Wavelets are mathematical functions that cut up data into different frequency components, and then study each component with a resolution matched to its scale. They have advantages over traditional Fourier methods in analyzing physical situations where the signal contains discontinuities and sharp spikes. Wavelets were developed independently in the fields of mathematics, quantum physics, electrical engineering, and seismic geology. Interchanges between these fields during the last ten years have led to many new wavelet applications such as image compression, turbulence, human vision, radar, and earthquake prediction.


Overview

The fundamental idea behind wavelets is to analyze according to scale. Indeed, some researchers in the wavelet field feel that, by using wavelets, one is adopting a whole new mindset or perspective in processing data.

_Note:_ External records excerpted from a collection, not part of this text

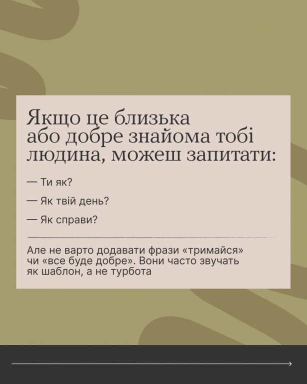 А в голові зберігай правило: не такі важливі ідеальні слова, як людяність - спокій, щирість, повага. У них завжди найкращі прояви підтримки.
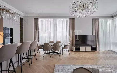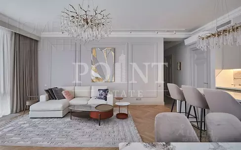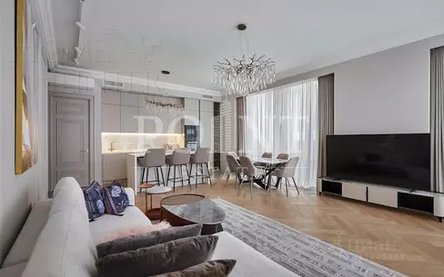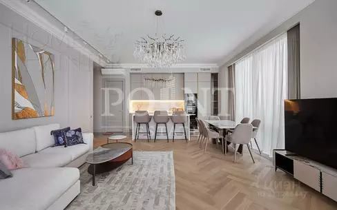 ID 280 771. Просторная квартира с 2-мя спальнями в комплексе премиум-класса «Воробьев дом» в районе Раменки. Квартира общей площадью 99 м² расположена на 2-м этаже. Выполнена авторская отделка в современном стиле, на полу уложены паркетная доска из
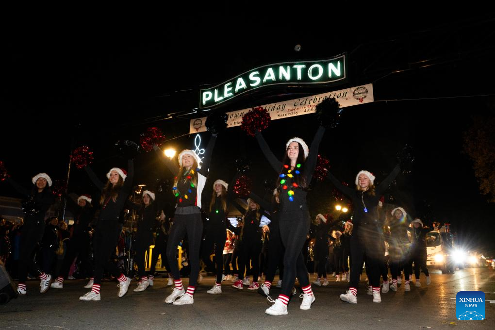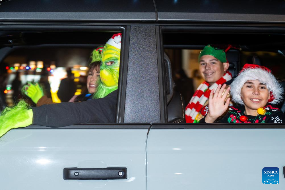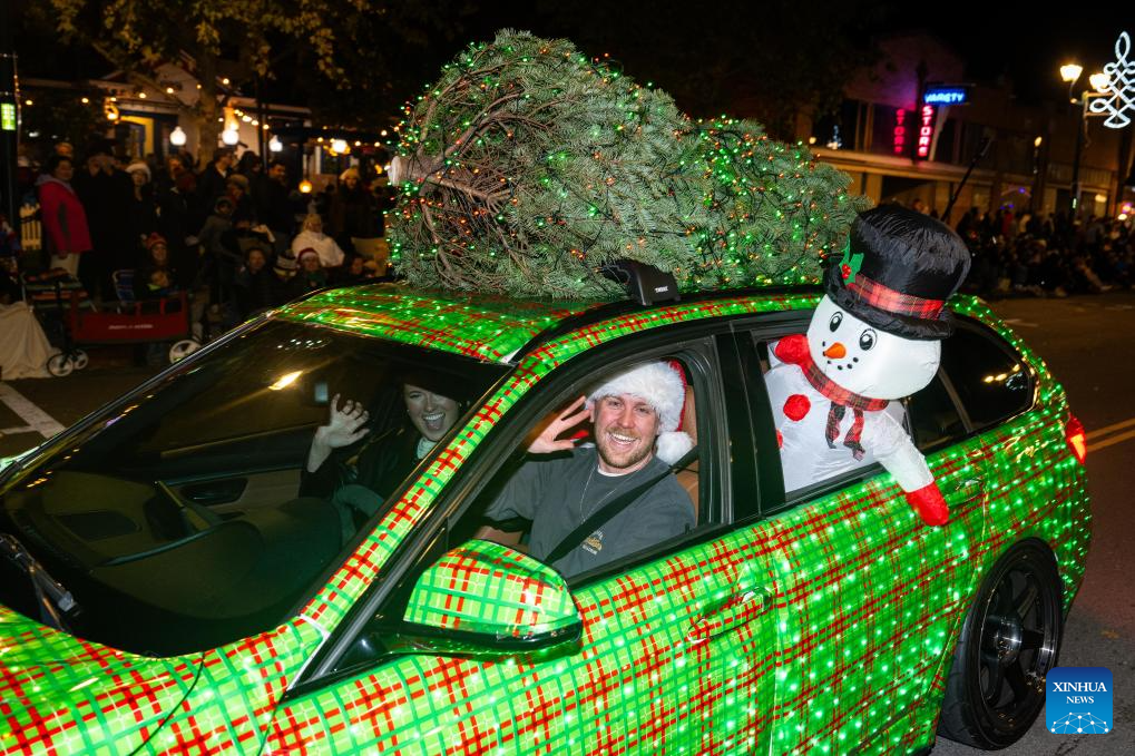 People participate in a Christmas parade in Pleasanton, California, the United States, Dec. 6, 2025. (Photo by Ziyu Julian Zhu/Xinhua)
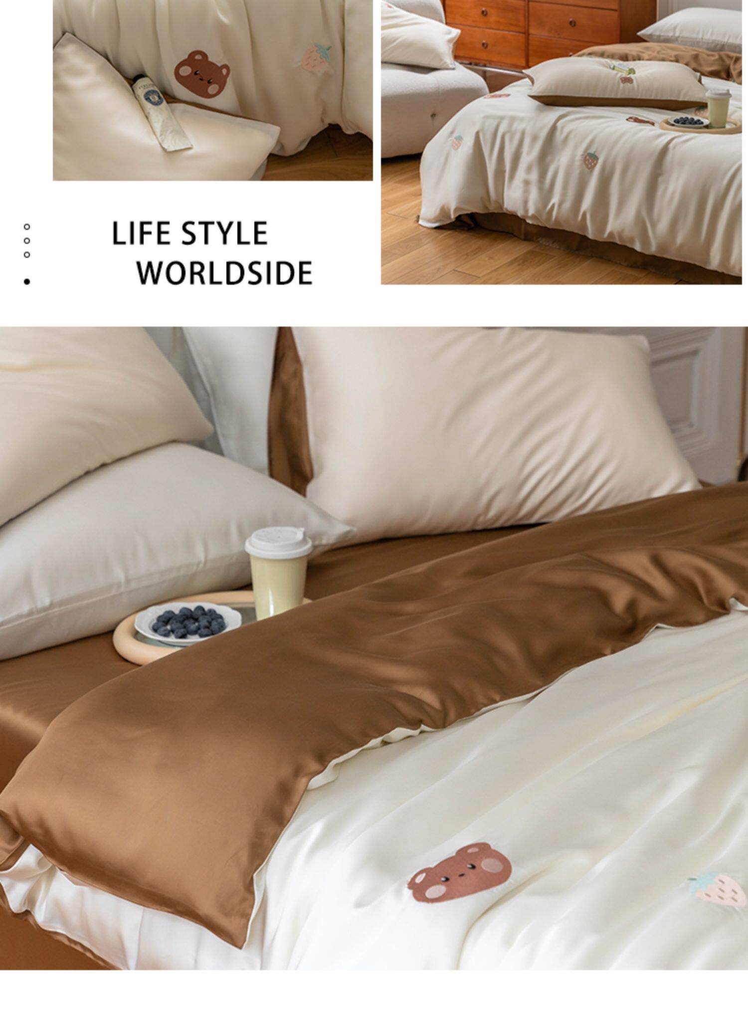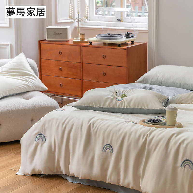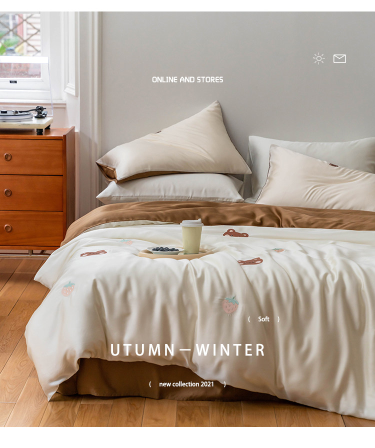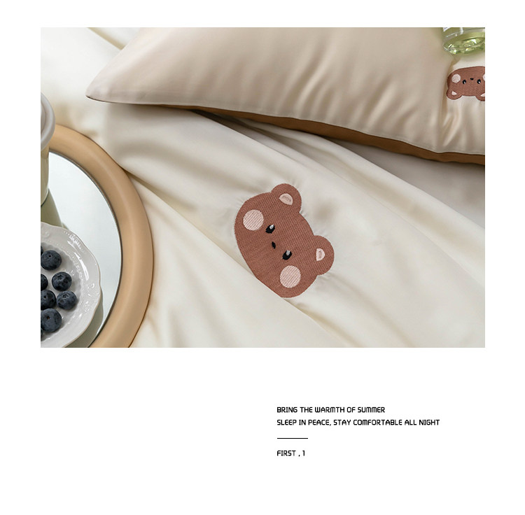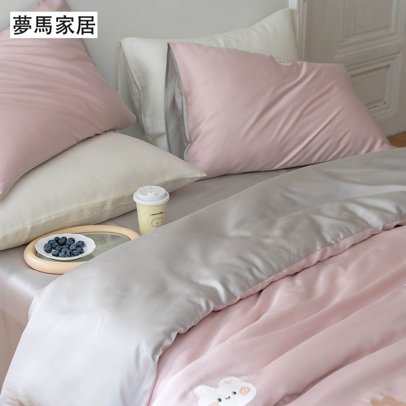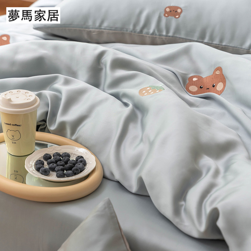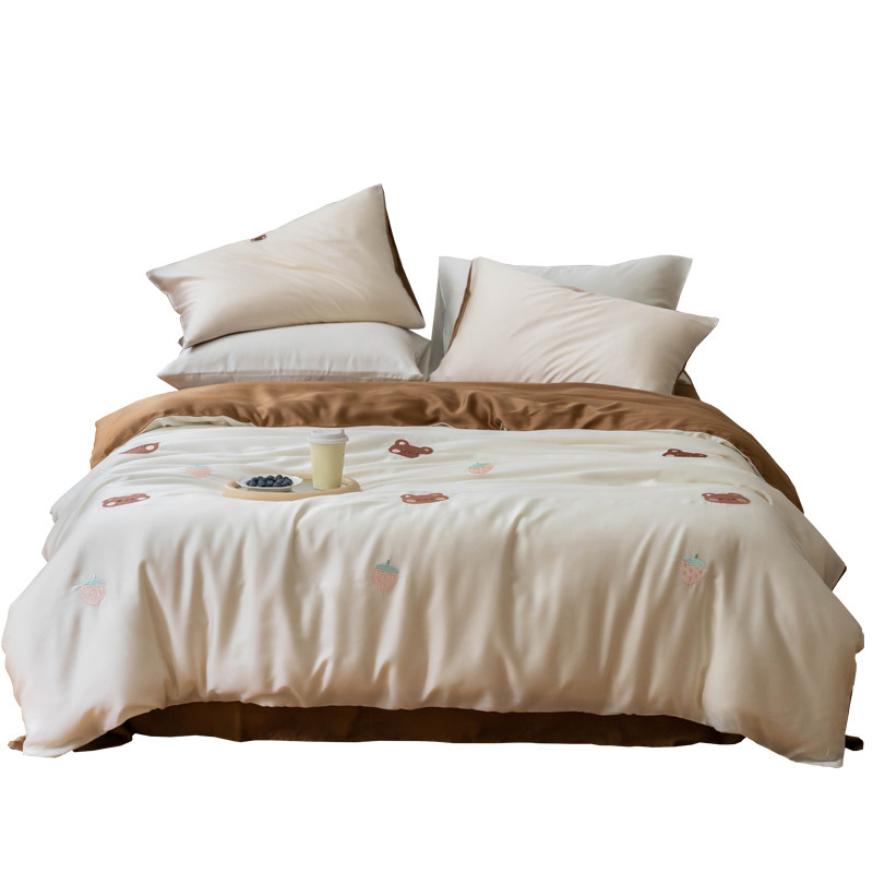 Брендовый мультяшный свежий комплект, шелковистый пододеяльник, простыня, с вышивкой, 4 предмета, постельные принадлежности
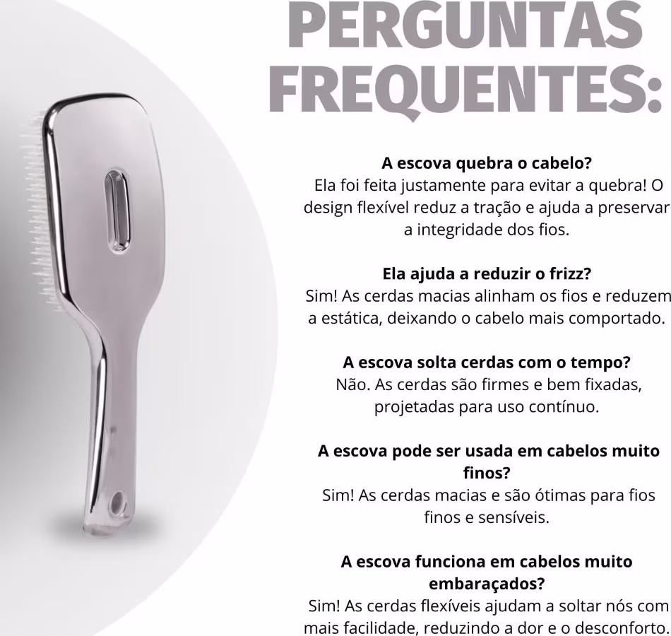 Para melhores resultados, utilize a Escova Ricca Flex Premium em cabelos secos ou úmidos. Comece desembaraçando as pontas e, em seguida, avance para a raiz, deslizando a escova suavemente pelos fios. O design flexível da escova se adapta ao formato da sua cabeça, proporcionando um pentear confortável e eficiente. Use diariamente para manter seus cabelos desembaraçados, macios e com brilho.
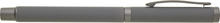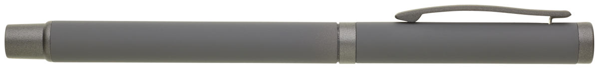 Elegantní kovový roller RIFLO SOFT v šedé barvě s tmavě šedými doplňky a pogumovaným povrchem. Náplň v rolleru píše modře.
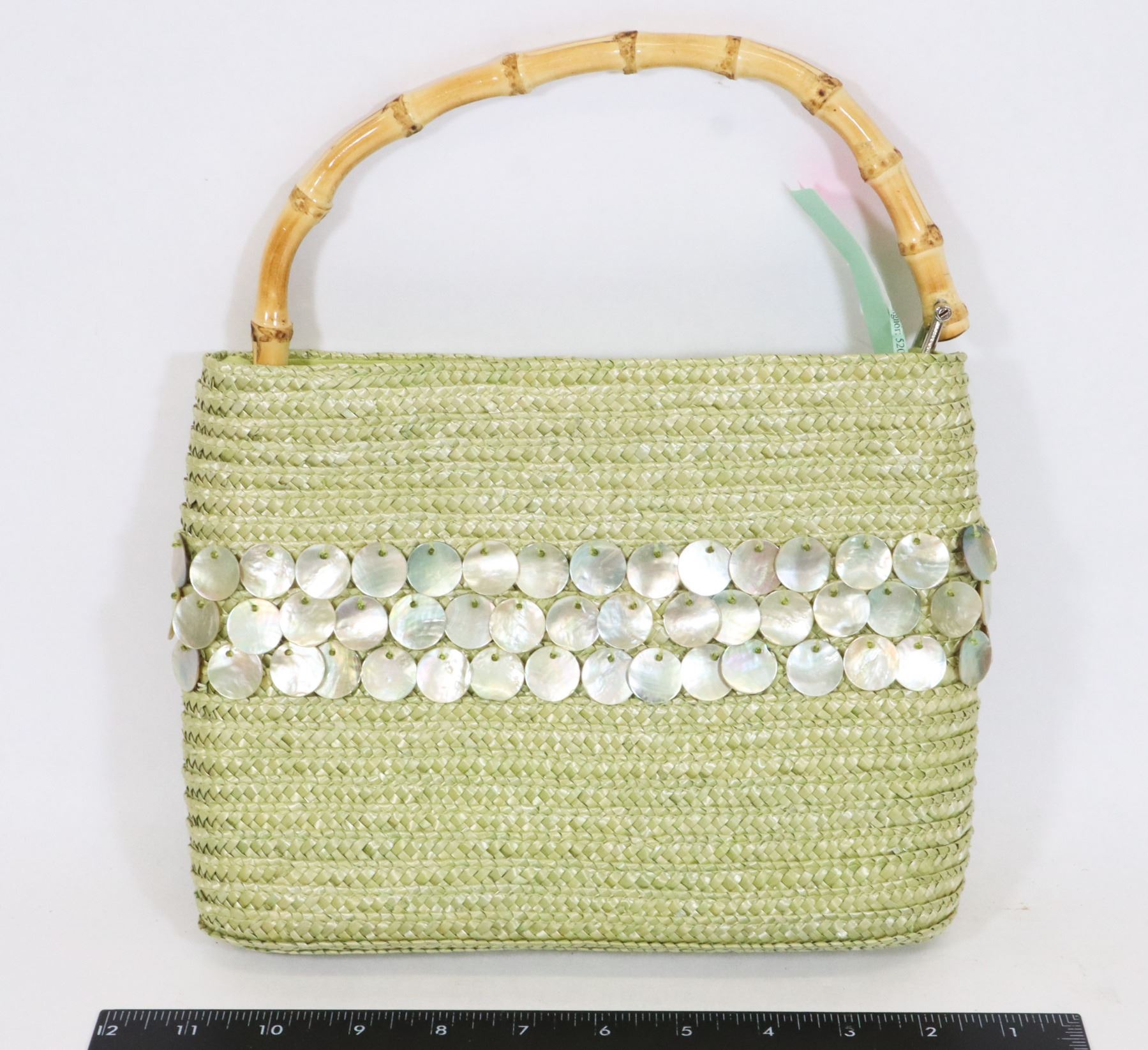 GREEN STRAW WOODEN HANDLE HAND BAG, ZIPPER BROKEN
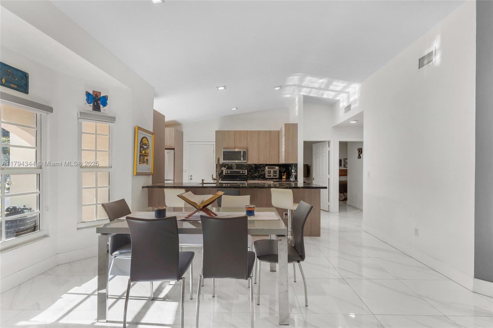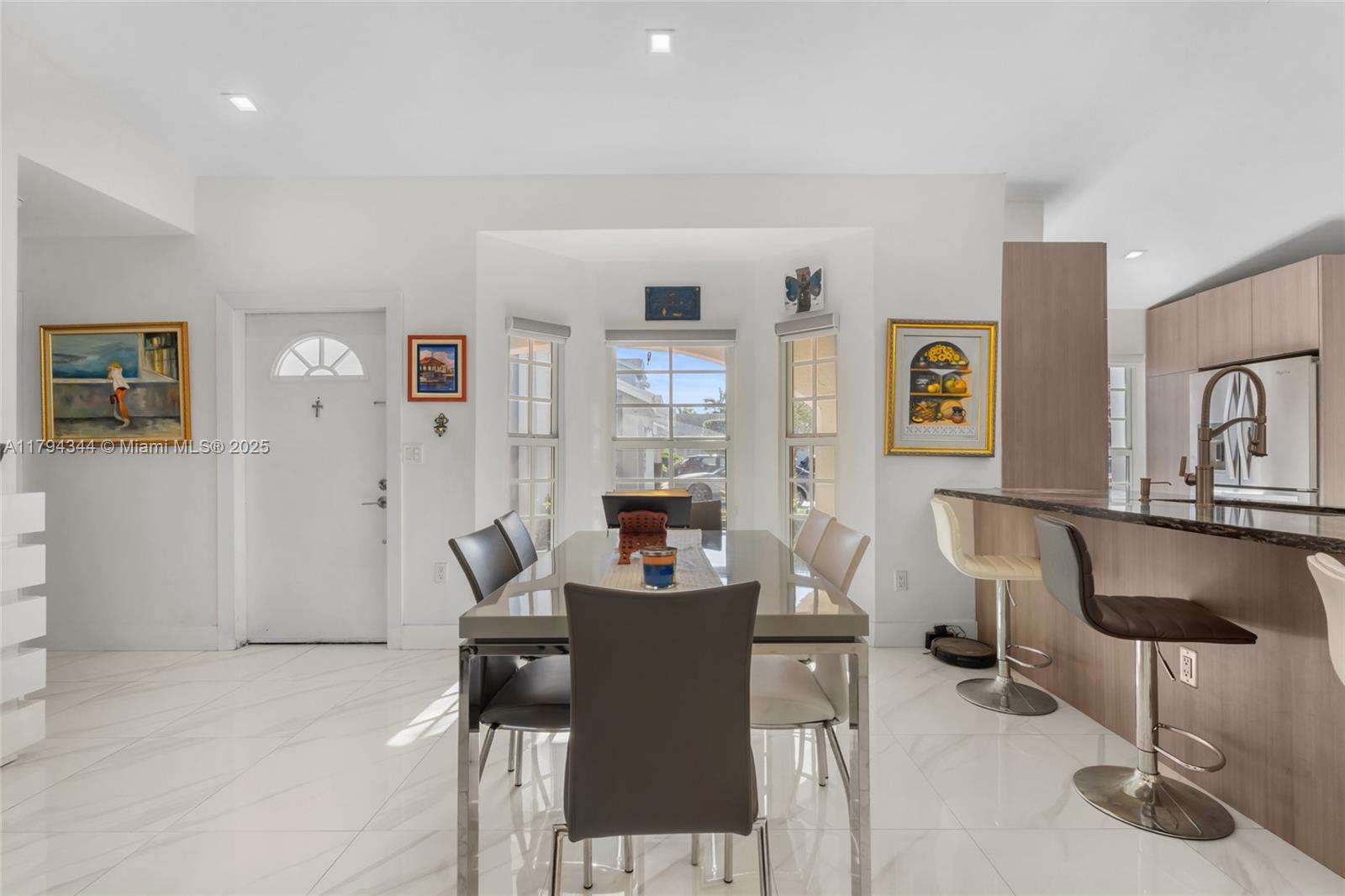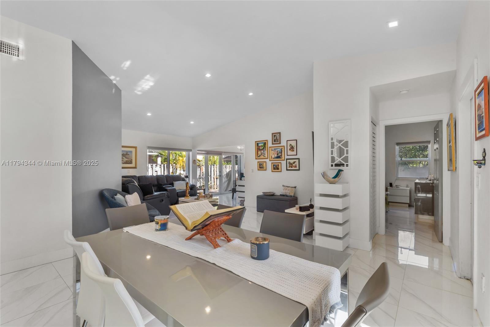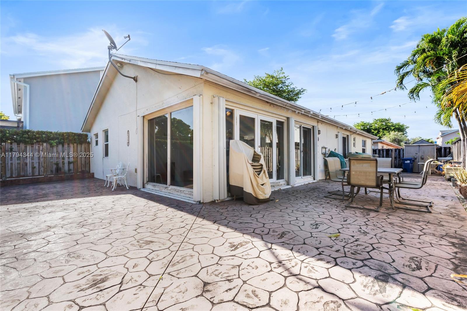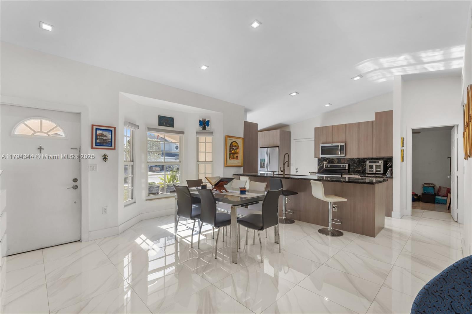 This beautifully remodeled 3-bed, 2-bath residence offers a perfect blend of modern comfort and stylish design. Completely renovated in 2020, the home features a spacious open-floor concept, vaulted ceiling, and a converted garage with an additional bedroom and reach-in closet. The home also features impact windows throughout, a a spacious sunroom, new modern kitchen, new roof and gutters, porcelin tile floors throughout, and a tankless water heater. Step outside to a large backyard perfect for entertaining, complete with an outdoor kitchen for BBQs and gatherings. Located in a gated community with 24-hour security, residents also enjoy fantastic amenities including a pool and kiddie playground. This home combines comfort, security, and outdoor living in a sought-after Doral neighborhood.
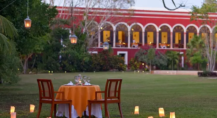 "This magnificent 17th-century estancia presides over 37 hectares (91 acres) of subtropical gardens and cenotes, 39km (24 miles) from Mérida." Full review
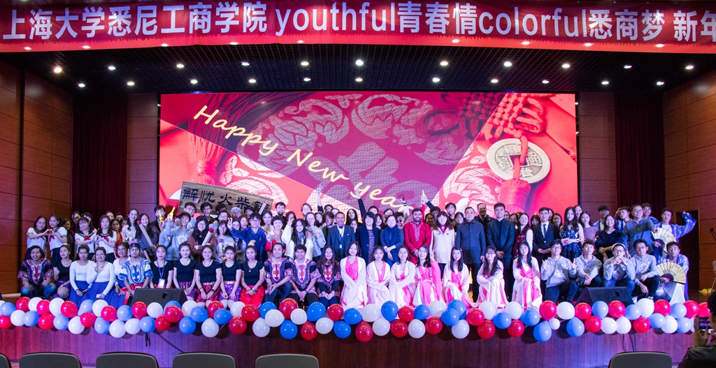 随后,新年晚会正式开始。此次新年晚会共分为三个板块。第一个板块是"皓——新星耀长空",由活力四射的部长舞、暖人心脾的大一合唱以及华丽时尚的T台走秀组成。此起彼伏的喝彩声回荡在整个会场中,热闹非凡。第二个板块是"靛——海阔任尔航",上大悉商可爱的外教和留学生们都带来了他们精心准备的表演,各显其能,各具风采,虽只有短短数十分钟,却带观众们游览了世界各地,领略各地风采。还有城中剧社带来的"年终大戏",也是惹得台下观众笑声连连。晚会第三个板块是"绛——清歌正激扬",街舞加宅舞的舞蹈串烧,铺开了一幅姿态万千、刚柔并济的美丽画卷。精妙绝伦的魔术表演,让一个个"奇迹"在舞台上绽放。由师生共同带来的柔美的惊鸿舞,让大家看到平日里辛勤耕耘的老师们的另一面。晚会最后,由本次晚会的幕后工作人员带来舞台剧"解忧火柴铺",之后伴随着《难忘今宵》的优美旋律,本次新年晚会圆满结束。
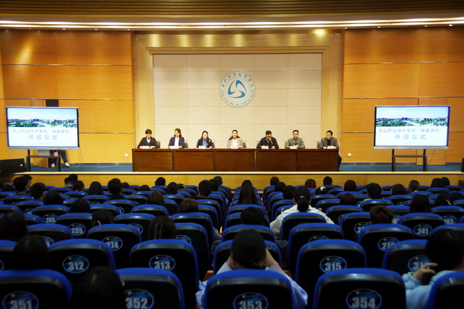 2021年4月19日晚,伟德国际victor1946“健康学校”开班仪式在图书馆学术报告厅举行,学院党委为同学们准备的“健康大礼包”开始派送。学院党委书记易群,党委委员、副院长鲍学东,学院团委书记黄泓轲、附属医院党总支书记曹卫平及附院班子成员出席了开班仪式,学院党委宣传部全体人员及首期200余名学生参加了仪式,开班仪式由鲍学东主持。
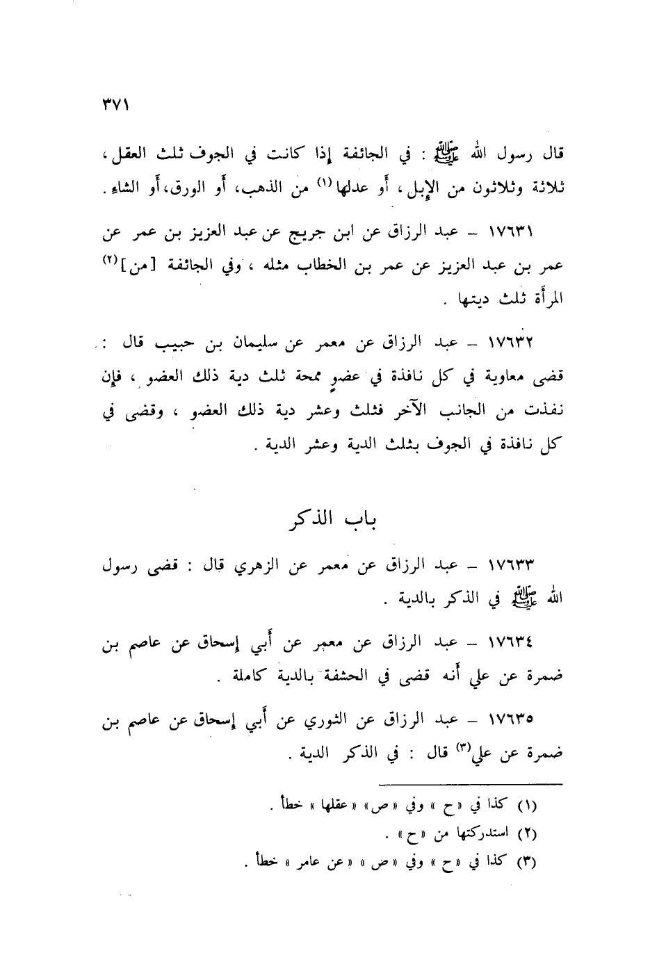 ١٧٦٣٣ - عَنْ مَعْمَرٍ، عَنِ الزُّهْرِيِّ قَالَ: قَضَى رَسُولُ اللَّهِ صَلَّى اللهُ عَلَيْهِ وَسَلَّمَ فِي الذَّكَرِ بِالدِّيَةِ "

Wavelets are functions that satisfy certain mathematical requirements and are used in representing data or other functions. This idea is not new. Approximation using superposition of functions has existed since the early 1800's, when Joseph Fourier discovered that he could superpose sines and cosines to represent other functions. However, in wavelet analysis, the scale that we use to look at data plays a special role. Wavelet algorithms process data at different scales or resolutions. If we look at a signal with a large "window," we would notice gross features. Similarly, if we look at a signal with a small "window," we would notice small features. The result in wavelet analysis is to see both the forest and the trees, so to speak.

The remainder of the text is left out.